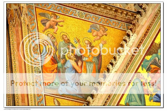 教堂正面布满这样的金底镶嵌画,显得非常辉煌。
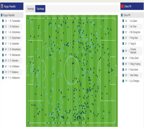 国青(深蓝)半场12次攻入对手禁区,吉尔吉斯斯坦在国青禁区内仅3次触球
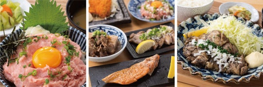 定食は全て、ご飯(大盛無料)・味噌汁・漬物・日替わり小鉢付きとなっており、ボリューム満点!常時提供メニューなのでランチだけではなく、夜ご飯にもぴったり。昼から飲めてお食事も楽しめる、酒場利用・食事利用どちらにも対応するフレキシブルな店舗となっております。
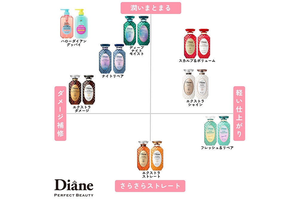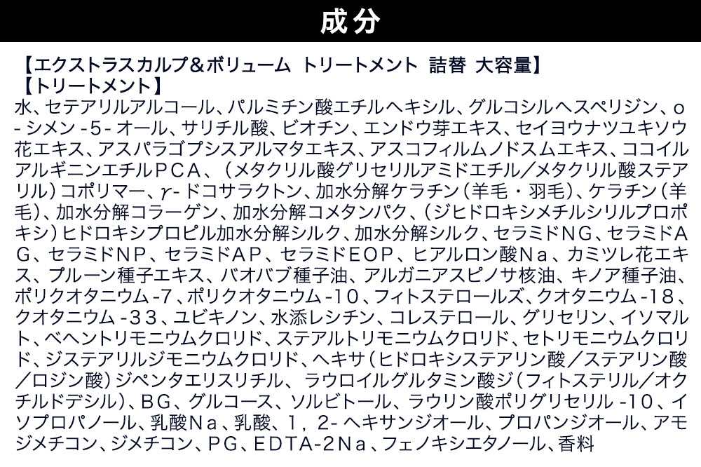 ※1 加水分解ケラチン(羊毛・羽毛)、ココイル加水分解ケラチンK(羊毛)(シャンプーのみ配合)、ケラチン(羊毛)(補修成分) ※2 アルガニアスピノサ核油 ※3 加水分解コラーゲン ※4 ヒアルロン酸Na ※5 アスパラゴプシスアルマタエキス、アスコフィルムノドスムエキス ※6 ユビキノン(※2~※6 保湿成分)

◆ **Instructions for the task**
Transcribe the listing exactly, skipping pictures.

◆ **Answer box**
 教堂正面布满这样的金底镶嵌画,显得非常辉煌。
 国青(深蓝)半场12次攻入对手禁区,吉尔吉斯斯坦在国青禁区内仅3次触球
 定食は全て、ご飯(大盛無料)・味噌汁・漬物・日替わり小鉢付きとなっており、ボリューム満点!常時提供メニューなのでランチだけではなく、夜ご飯にもぴったり。昼から飲めてお食事も楽しめる、酒場利用・食事利用どちらにも対応するフレキシブルな店舗となっております。
 ※1 加水分解ケラチン(羊毛・羽毛)、ココイル加水分解ケラチンK(羊毛)(シャンプーのみ配合)、ケラチン(羊毛)(補修成分) ※2 アルガニアスピノサ核油 ※3 加水分解コラーゲン ※4 ヒアルロン酸Na ※5 アスパラゴプシスアルマタエキス、アスコフィルムノドスムエキス ※6 ユビキノン(※2~※6 保湿成分)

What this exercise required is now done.